Is it true that you can subtract fiber from a carb count? For example alot of protein bars say 2 net carbs but actually have 20 carbs. Any insight on this would be great, thank you.
Yes. Because Fiber doesn't get fully digested and it passes straight through you.
Some say some of the fibre you take in is actually digested but most of it passes right through you. Hence it being "ruffage".
Yes, you can subtract fiber from carb counts. Although fiber (cellulose) is technically a carb, it is not digested by the human GI tract. It serves more of a purpose of adding bulk to the stool and moving things along.
In the case of protein bars, however, you aren't going to have 18 of those 20 grams coming from fiber. Most of those carbs come from sugar alcohols, which is now being classified as a carbohydrate. Sugar alcohols, such as glycerine, are good for between 4 and 4.5 calories per gram, but they don't cause as much of an insulin spike as straight sugar.

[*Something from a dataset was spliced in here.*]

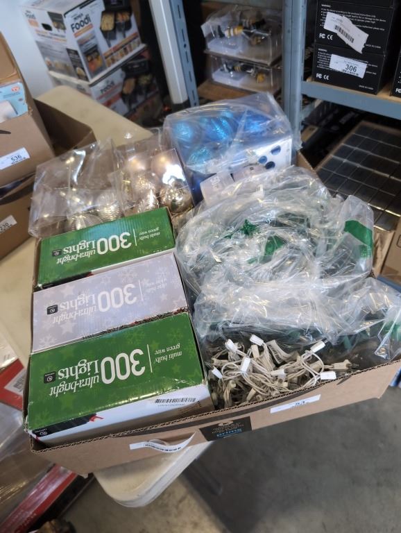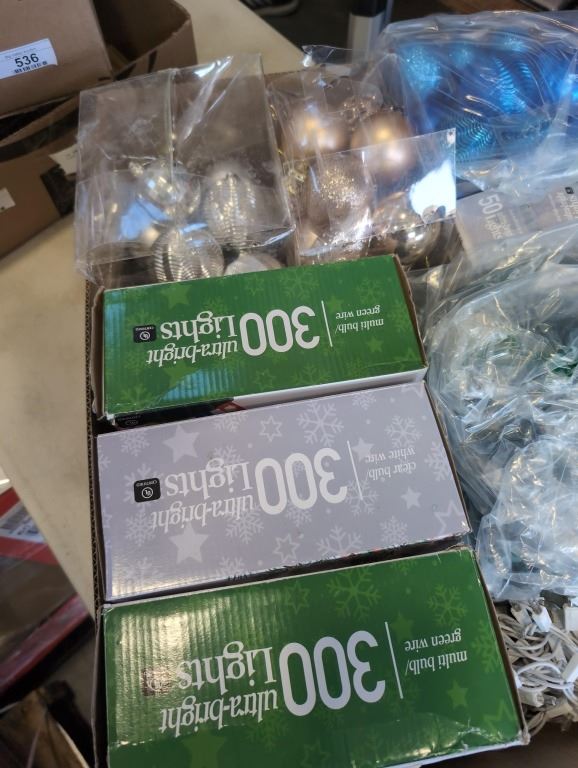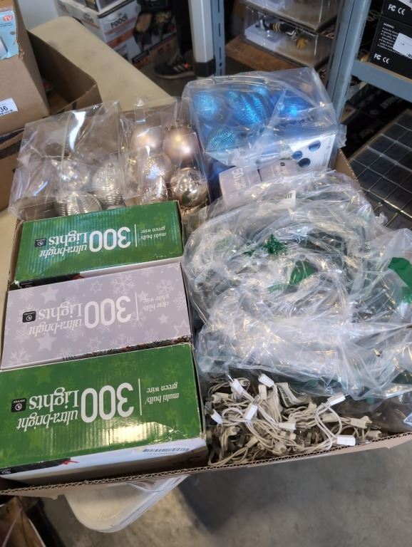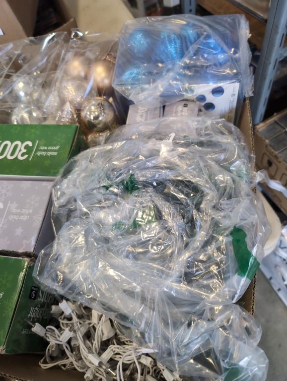 ASSORTED CHRISTMASS DECOR INCLUDING BALLS AND LIGHT SETS
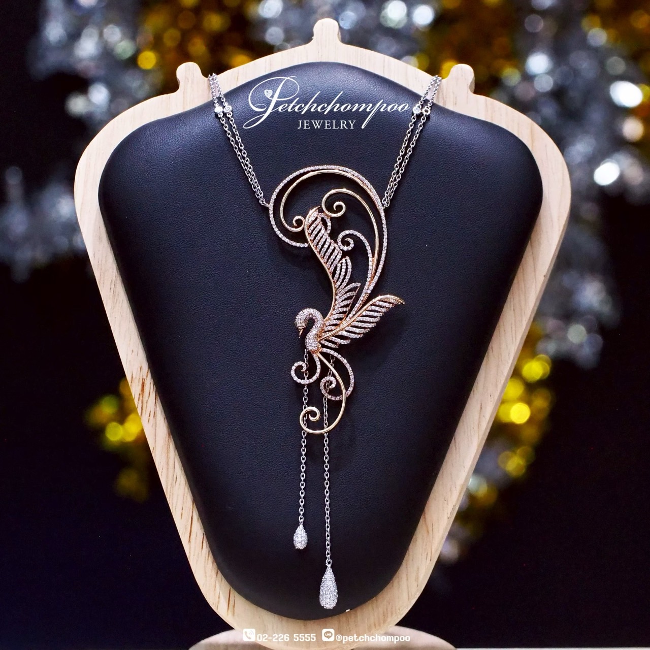 A stunning expression of artistry, this diamond necklace inspired by the graceful form of a bird features 564 round brilliant diamonds totaling 3.20 carats. The intricate curves and feather-like details evoke the freedom and elegance of flight, beautifully captured in precious stones.

That is the reasoning behind calling them "impact carbs."
I don't completely buy into the hype of impact vs. non-impact carbs. It is true that you can take advantage of the type of carb and the timing of carb intake to manipulate insulin release, but a calorie is still a calorie. Check out the Atkins book for a good explanation of carbs/insulin info.
Who should answer this one, me or Terry? LOL
Well in regards to the protein bar example you gave... the 18 grams of "missing" carbs isn't all fiber. Most of it is sugar alcohol, or polydextrose, or maltitol, or some other crap like that. Supposedly doesn't cause a blood sugar response therefor it isnt included in the "net carbs" but still has a calorie value thus being included in the total carbohydrate count. I've heard things about glycerol being able to be metabolized into blood sugar despite reports that say otherwise, so maybe someone else will chime in with more specifics.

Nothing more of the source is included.